We know much more than we did five years ago about which groups have superstrong approximation, and what the applications are when this is so. Sarnak’s paper from the same conference provides a good overview.
Idle speculation: superstrong approximation for Galois groups
Another way to express superstrong approximation is to say that Gamma has property tau with respect to the congruence quotients SL_n(Z/pZ).
In the survey paper, I wonder whether there is some way to talk about superstrong approximation for Galois groups with bounded ramification. For instance; let G be the Galois group of the maximal extension of Q which is tamely ramified everywhere, and unramified away from 2,3,5, and 7. OK, that’s some profinite group. I don’t know much about it. By Golod-Shafarevich I could prove it was infinite, unless I couldn’t, in which case I would toss in some more ramified primes until I could.

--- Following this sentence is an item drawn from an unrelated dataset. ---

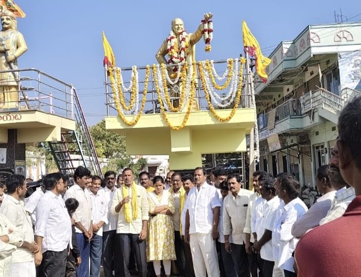 పయనించే సూర్యుడు న్యూస్ జనవరి 19 (శర్మాస్ వలి మండల రిపోర్టర్ యాడికి) మండల కేంద్రమైన యాడికి నందు నందమూరి తారక రామారావు 30వ వర్ధంతి సందర్భంగా నందమూరి తారక రామారావు విగ్రహానికి పాలాభిషేకం చేసి అనంతరం పూలమాలలతో నివాళులర్పించారు. ఈ సందర్భంగా టి.డి.పి. మండల కన్వీనర్ దడియాల ఆదినారాయణ మాట్లాడుతూ ఆ మహనీయుడికి సినీ వినీలాకాశంలో ధృవతారగా వెలిగి, రాజకీయ కురుక్షేత్రంలో అజేయుడైన ‘అన్న’ ఎన్టీఆర్ తరతరాల చరిత్రను తిరగరాసిన ధీరోదాత్తుడు,తెలుగు వారి ఆత్మగౌరవాన్ని ఆకాశమంత ఎత్తులో నిలబెట్టేందుకు పోరాటం చేసిన ఆయన మనందరికీ ప్రాతఃస్మరణీయుడు. కిలో రెండు రూపాయల బియ్యం, సామాజిక భద్రతా పింఛన్లు, పక్కా ఇళ్ల నిర్మాణం, రైతుకు విద్యుత్, మండల వ్యవస్థతో స్థానిక స్వపరిపాలన, ఆడబిడ్డలకు ఆస్తిలో హక్కు, రాయలసీమకు సాగు, తాగునీటి ప్రాజెక్టులు లాంటి అనితరసాధ్యమైన సంక్షేమ అభివృద్ధి పథకాలతో చరిత్ర గతిని మార్చిన ఆ మహనీయుడు మనకు ఆదర్శం. అని ఆయన తెలిపారు. ఈ కార్యక్రమంలో టౌన్ ప్రెసిడెంట్ వెలిగండ్ల ఆదినారాయణ, బి.సి.సెల్ అధ్యక్షుడు తిరంపురం రంపురం నీలకంఠ, మాజీ ఎం.పీ.పీ.వేలూరి రంగయ్య, సీనియర్ నాయకులు గొర్తిరుద్రమ నాయుడు, మాదాల అనిల్ కుమార్, మార్కెట్ యార్డ్ డైరెక్టర్ పరిమి శ్రీహరి, పరిమిచరణ్, మధురాజ్, బొట్టుశేఖర్, నెట్టికంటయ్య, రాజశేఖర్, చిట్టి బాబు, దాసరి రామచంద్ర, సుభహాన్, విశ్వనాథ్, సెల్ పాయింట్ చాంద్ బాషా, కోటవీధి సెక్ష, రహంతుల్లా, ఫైబర్ చందు, ఫిరోజ్ బాషా, హాజీ పీరా, మహమ్మద్ రఫీ, తెల్లాకుల కేశవ, నంద్యాల రంగస్వామి, తదితర తెలుగుదేశం నాయకులు, కార్యకర్తలు, జె.సి. అభిమానులు ఈ కార్యక్రమంలో పాల్గొన్నారు..

We could ask something like the following. Given any finite quotient Q of G, and any two elements of G whose images generated Q, we get a connected Cayley graph of degree 4 on the elements of Q, by means of those two elements and their inverses. Is there a uniform spectral gap for all those graphs?
I have no real reason to think so. But remark: this would imply immediately that every finite-index subgroup of G has finite abelianization, and that’s true. It would also imply that there are only finitely many n such that G surjects onto S_n, and that might be true. Reader survey for those who’ve read this far: do you think there’s a finite set S of primes such that there are tamely ramified S_n-extensions of Q, for n arbitrarily large, unramified outside S?
Acknowledgment: I was much aided in formulating this question by the comments on the MathOverflow question I asked about it.
## Gonality, the Bogomolov property, and Habegger’s theorem on Q(E^tors)
I promised to say a little more about why I think the result of Habegger’s recent paper, ” Small Height and Infinite Non-Abelian Extensions,” is so cool.
First of all: we say an algebraic extension K of Q has the Bogomolov property if there is no infinite sequence of non-torsion elements x in K^* whose absolute logarithmic height tends to 0. Equivalently, 0 is isolated in the set of absolute heights in K^*. Finite extensions of Q evidently have the Bogomolov property (henceforth: (B)) but for infinite extensions the question is much subtler. Certainly $\bar{\mathbf{Q}}$ itself doesn’t have (B): consider the sequence $2^{1/2}, 2^{1/3}, 2^{1/4}, \ldots$ On the other hand, the maximal abelian extension of Q is known to have (B) (Amoroso-Dvornicich) , as is any extension which is totally split at some fixed place p (Schinzel for the real prime, Bombieri-Zannier for the other primes.)
Habegger has proved that, when E is an elliptic curve over Q, the field Q(E^tors) obtained by adjoining all torsion points of E has the Bogomolov property.
What does this have to do with gonality, and with my paper with Chris Hall and Emmanuel Kowalski from last year?
Suppose we ask about the Bogomolov property for extensions of a more general field F? Well, F had better admit a notion of absolute Weil height. This is certainly OK when F is a global field, like the function field of a curve over a finite field k; but in fact it’s fine for the function field of a complex curve as well. So let’s take that view; in fact, for simplicity, let’s take F to be C(t).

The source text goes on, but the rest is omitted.